START Listed entries

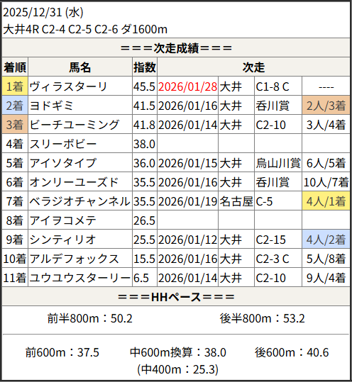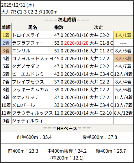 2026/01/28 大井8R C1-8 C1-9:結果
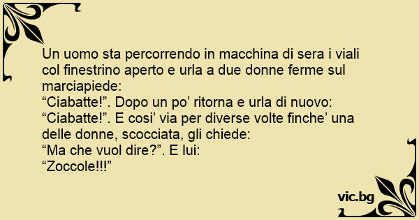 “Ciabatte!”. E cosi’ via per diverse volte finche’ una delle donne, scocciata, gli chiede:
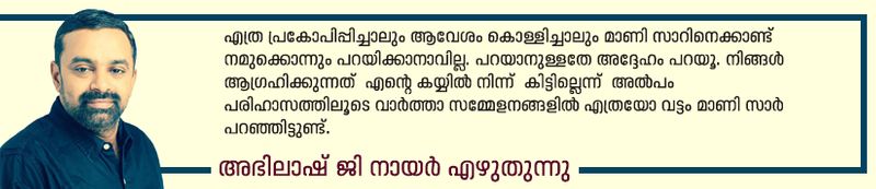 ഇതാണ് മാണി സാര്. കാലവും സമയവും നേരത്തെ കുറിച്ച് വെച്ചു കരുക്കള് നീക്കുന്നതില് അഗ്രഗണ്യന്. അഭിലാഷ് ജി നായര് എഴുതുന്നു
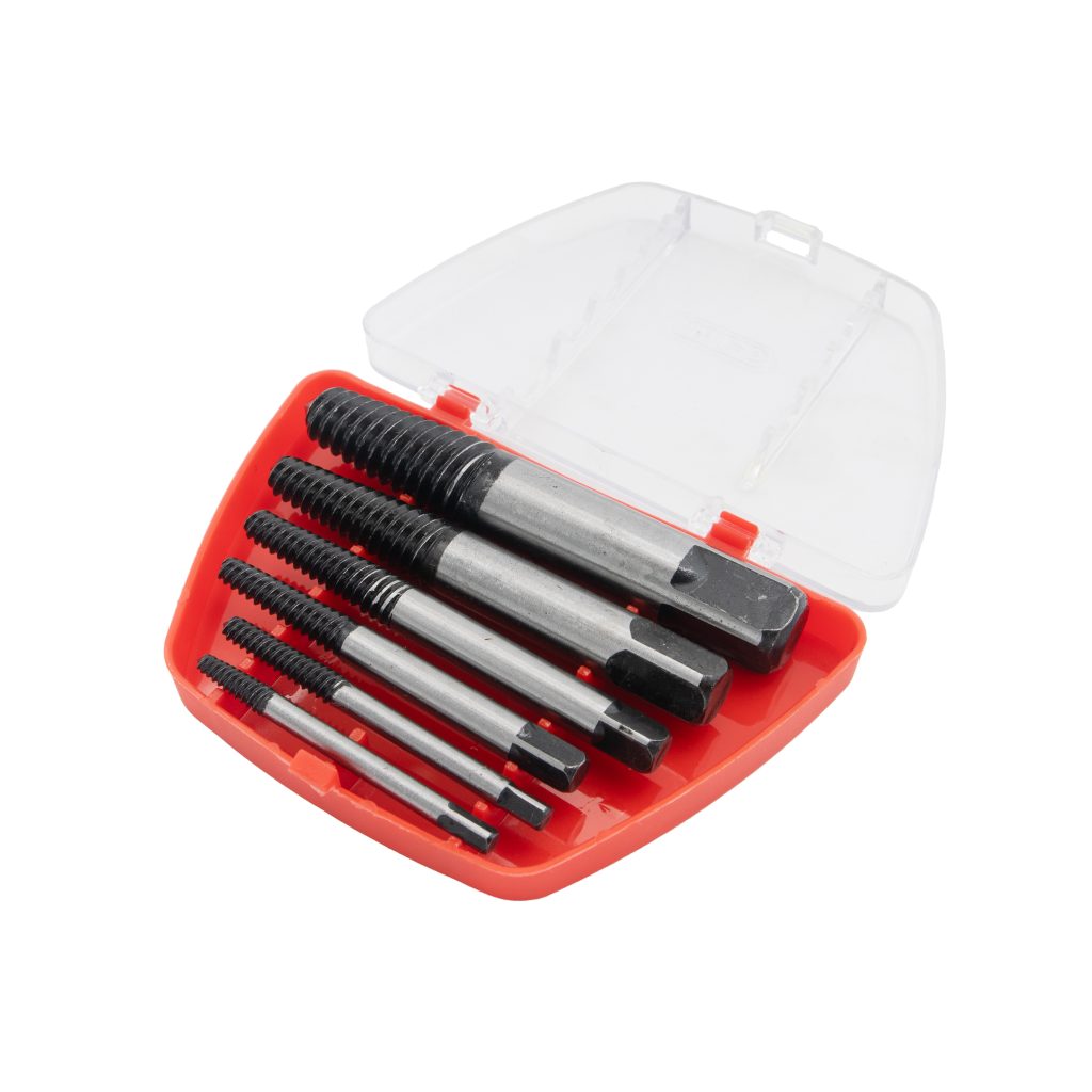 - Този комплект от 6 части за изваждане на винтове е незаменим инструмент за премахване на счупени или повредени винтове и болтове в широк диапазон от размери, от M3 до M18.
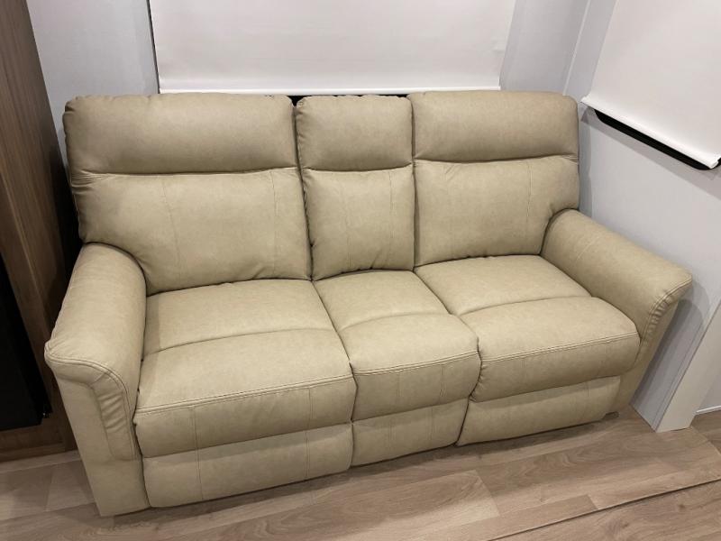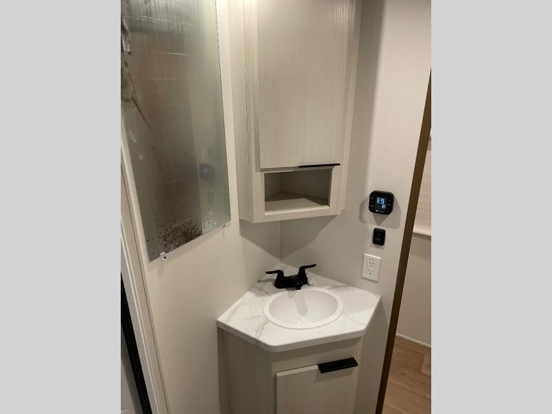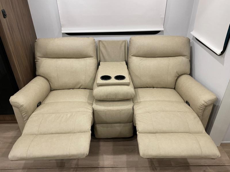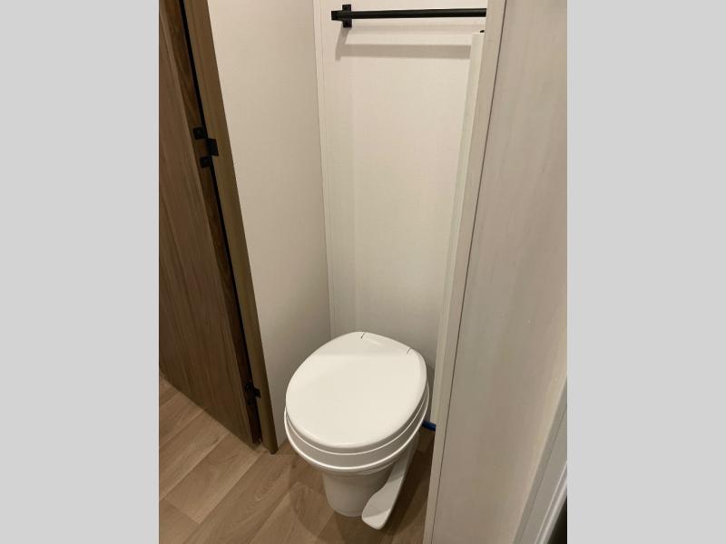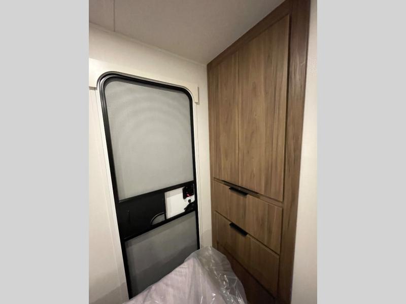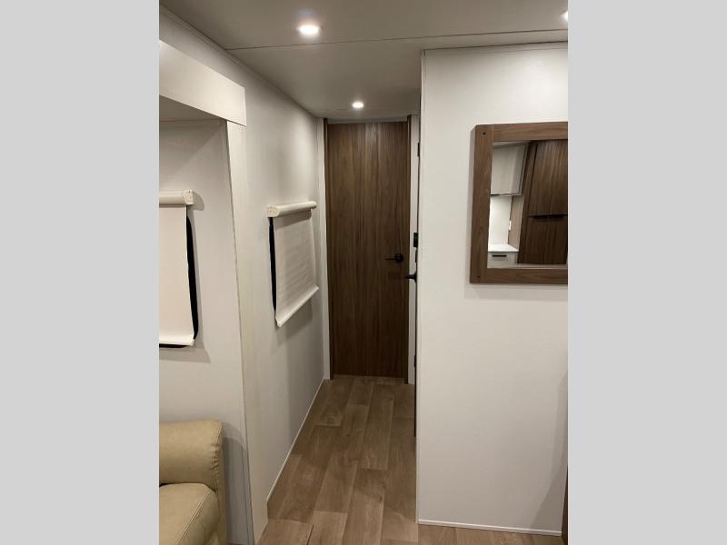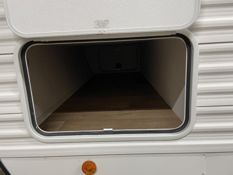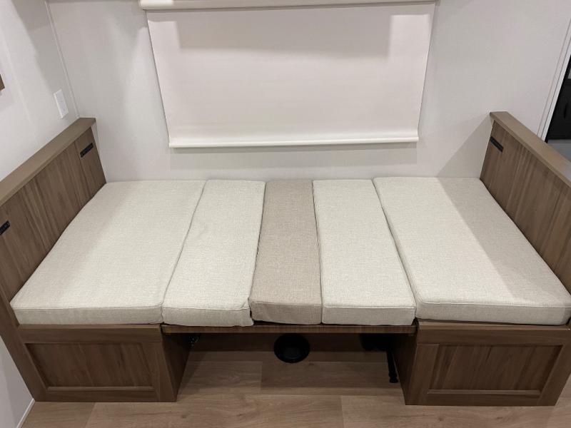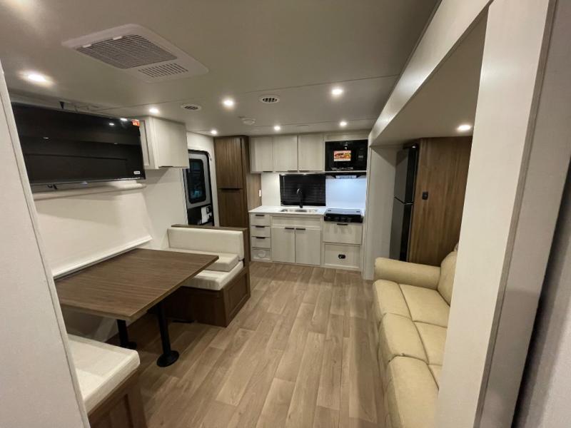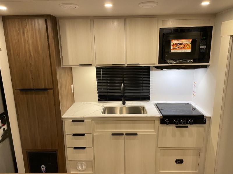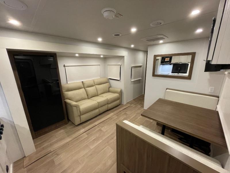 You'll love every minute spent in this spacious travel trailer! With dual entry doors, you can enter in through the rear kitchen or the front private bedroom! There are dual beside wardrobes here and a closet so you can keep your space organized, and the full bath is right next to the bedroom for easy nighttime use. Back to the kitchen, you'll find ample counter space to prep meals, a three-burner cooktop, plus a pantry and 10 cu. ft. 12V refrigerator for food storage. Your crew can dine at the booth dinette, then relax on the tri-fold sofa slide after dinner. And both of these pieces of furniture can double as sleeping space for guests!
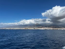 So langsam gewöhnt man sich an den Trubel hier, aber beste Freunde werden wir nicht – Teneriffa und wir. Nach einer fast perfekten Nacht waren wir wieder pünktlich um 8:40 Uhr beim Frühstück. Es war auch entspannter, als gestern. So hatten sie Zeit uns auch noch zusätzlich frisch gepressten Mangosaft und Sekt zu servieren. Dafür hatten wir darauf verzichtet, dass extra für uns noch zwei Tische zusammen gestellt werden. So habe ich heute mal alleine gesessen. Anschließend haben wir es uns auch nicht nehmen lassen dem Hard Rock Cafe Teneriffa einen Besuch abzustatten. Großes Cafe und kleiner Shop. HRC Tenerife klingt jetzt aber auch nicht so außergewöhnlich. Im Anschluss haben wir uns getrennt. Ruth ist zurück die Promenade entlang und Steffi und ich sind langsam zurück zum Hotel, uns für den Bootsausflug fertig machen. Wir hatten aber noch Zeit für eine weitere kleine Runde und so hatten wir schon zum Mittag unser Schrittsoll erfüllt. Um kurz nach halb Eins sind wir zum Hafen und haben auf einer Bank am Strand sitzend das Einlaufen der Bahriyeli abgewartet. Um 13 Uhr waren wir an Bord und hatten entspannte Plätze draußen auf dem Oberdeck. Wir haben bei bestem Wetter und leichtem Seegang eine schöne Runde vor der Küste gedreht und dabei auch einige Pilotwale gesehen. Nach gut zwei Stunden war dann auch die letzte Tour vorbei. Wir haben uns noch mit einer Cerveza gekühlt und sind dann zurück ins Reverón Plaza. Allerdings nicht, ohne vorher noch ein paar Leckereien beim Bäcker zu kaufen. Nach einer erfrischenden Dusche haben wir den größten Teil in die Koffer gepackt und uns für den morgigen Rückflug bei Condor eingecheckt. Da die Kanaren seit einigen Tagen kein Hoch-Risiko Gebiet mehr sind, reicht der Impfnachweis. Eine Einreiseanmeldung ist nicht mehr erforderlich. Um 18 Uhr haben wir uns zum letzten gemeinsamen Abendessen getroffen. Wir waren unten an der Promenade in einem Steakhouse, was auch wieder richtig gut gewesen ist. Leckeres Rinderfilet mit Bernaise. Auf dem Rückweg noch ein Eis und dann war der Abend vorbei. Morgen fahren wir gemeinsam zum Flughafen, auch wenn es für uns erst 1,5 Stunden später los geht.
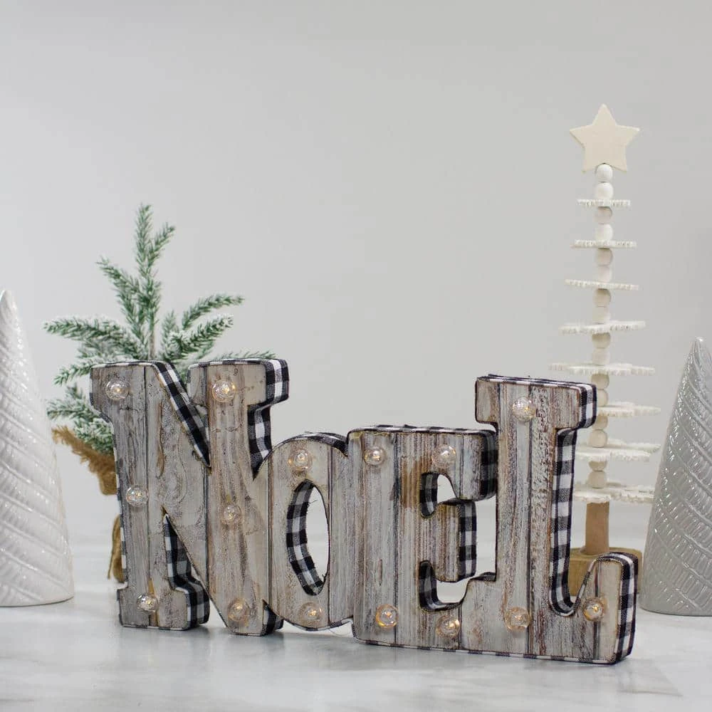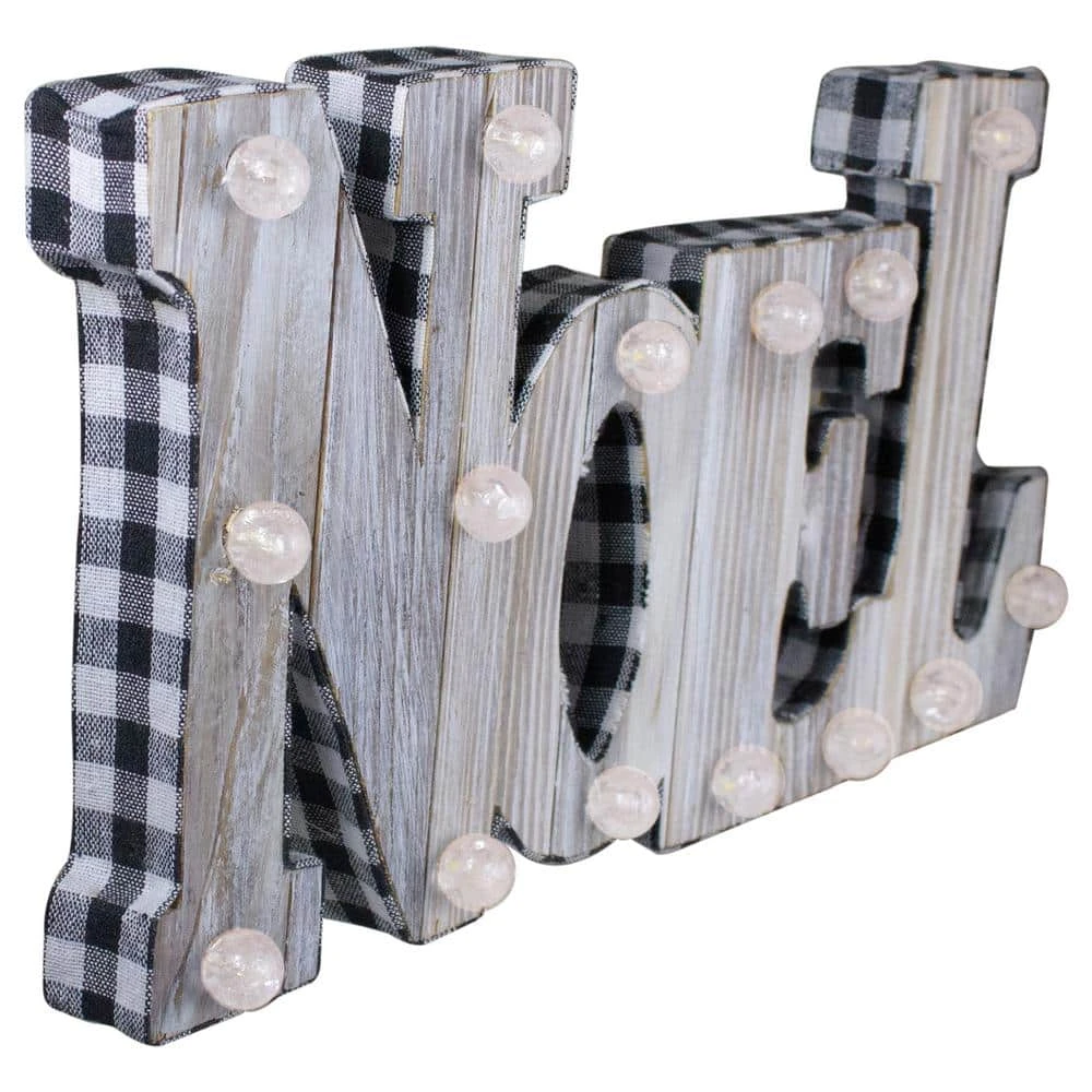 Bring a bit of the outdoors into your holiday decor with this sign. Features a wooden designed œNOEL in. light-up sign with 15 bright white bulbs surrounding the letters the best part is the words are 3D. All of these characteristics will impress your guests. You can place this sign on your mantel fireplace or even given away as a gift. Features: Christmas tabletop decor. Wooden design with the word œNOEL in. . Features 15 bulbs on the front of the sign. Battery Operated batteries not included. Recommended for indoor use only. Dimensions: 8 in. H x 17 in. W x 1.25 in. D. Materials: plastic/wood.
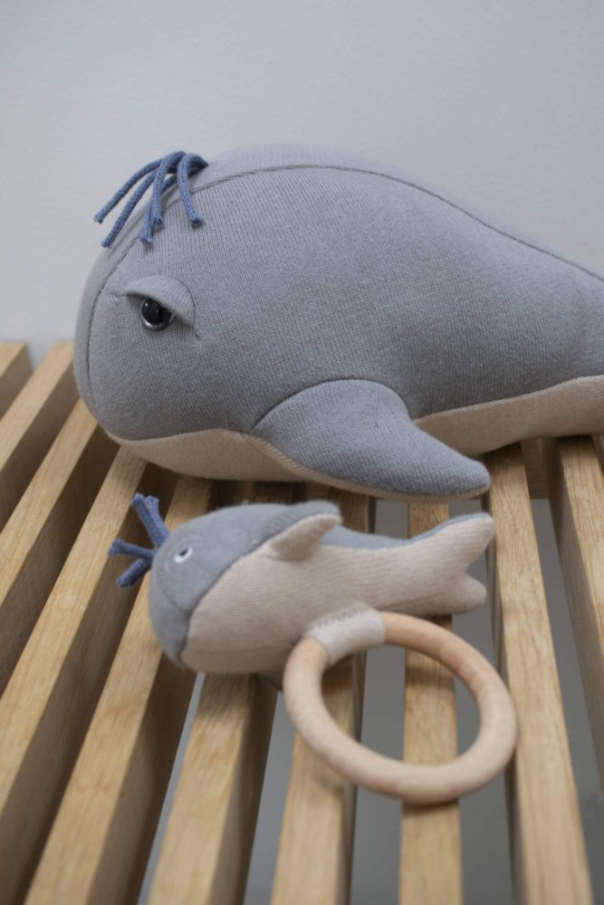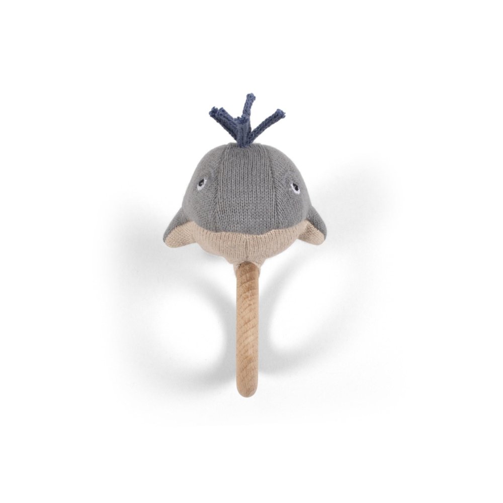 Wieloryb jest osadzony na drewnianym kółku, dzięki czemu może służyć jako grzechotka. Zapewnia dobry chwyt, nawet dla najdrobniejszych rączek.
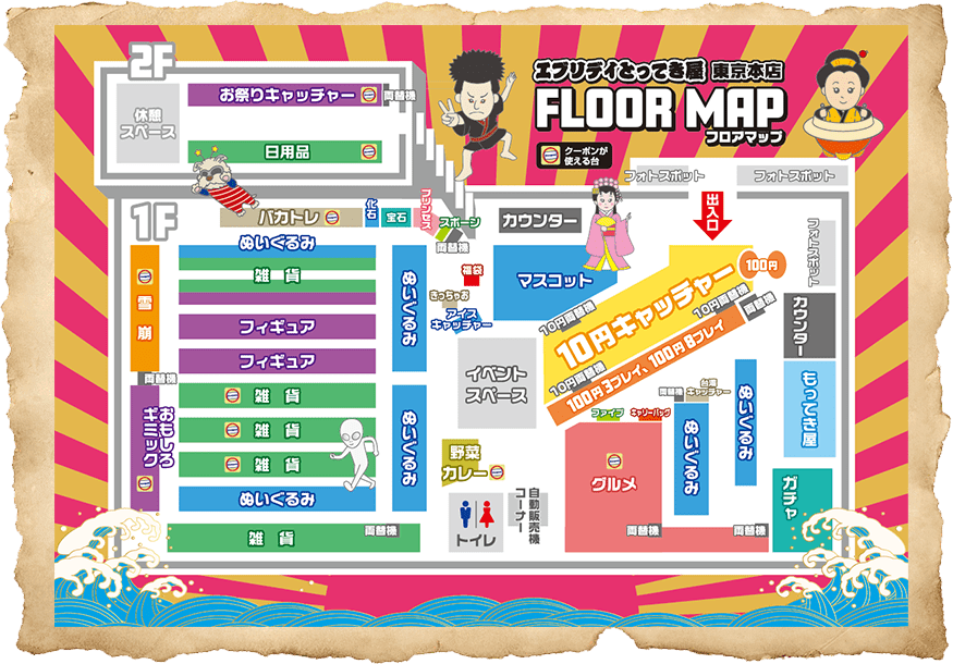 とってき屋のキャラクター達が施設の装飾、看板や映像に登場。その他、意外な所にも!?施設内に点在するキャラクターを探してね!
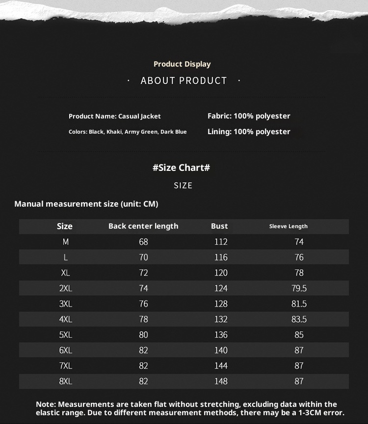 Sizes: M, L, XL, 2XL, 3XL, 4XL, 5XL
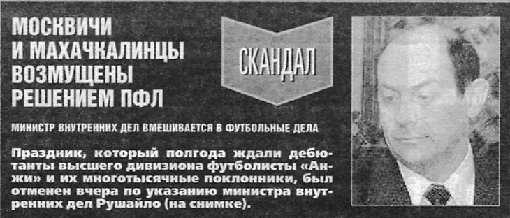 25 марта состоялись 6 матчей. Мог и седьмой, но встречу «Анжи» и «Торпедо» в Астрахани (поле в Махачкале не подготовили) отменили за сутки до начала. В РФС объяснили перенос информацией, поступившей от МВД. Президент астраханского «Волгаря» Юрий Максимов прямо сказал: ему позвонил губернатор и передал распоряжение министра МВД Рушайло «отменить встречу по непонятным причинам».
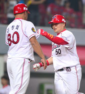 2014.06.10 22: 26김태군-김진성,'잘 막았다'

END Listed entries

**Task item:**
In the copy, include each line from the start of the material through the line with "ഇതാണ് മാണി സാര്.", word for word, but none of the pictures.

**Task response:**
 2026/01/28 大井8R C1-8 C1-9:結果
 “Ciabatte!”. E cosi’ via per diverse volte finche’ una delle donne, scocciata, gli chiede:
 ഇതാണ് മാണി സാര്. കാലവും സമയവും നേരത്തെ കുറിച്ച് വെച്ചു കരുക്കള് നീക്കുന്നതില് അഗ്രഗണ്യന്. അഭിലാഷ് ജി നായര് എഴുതുന്നു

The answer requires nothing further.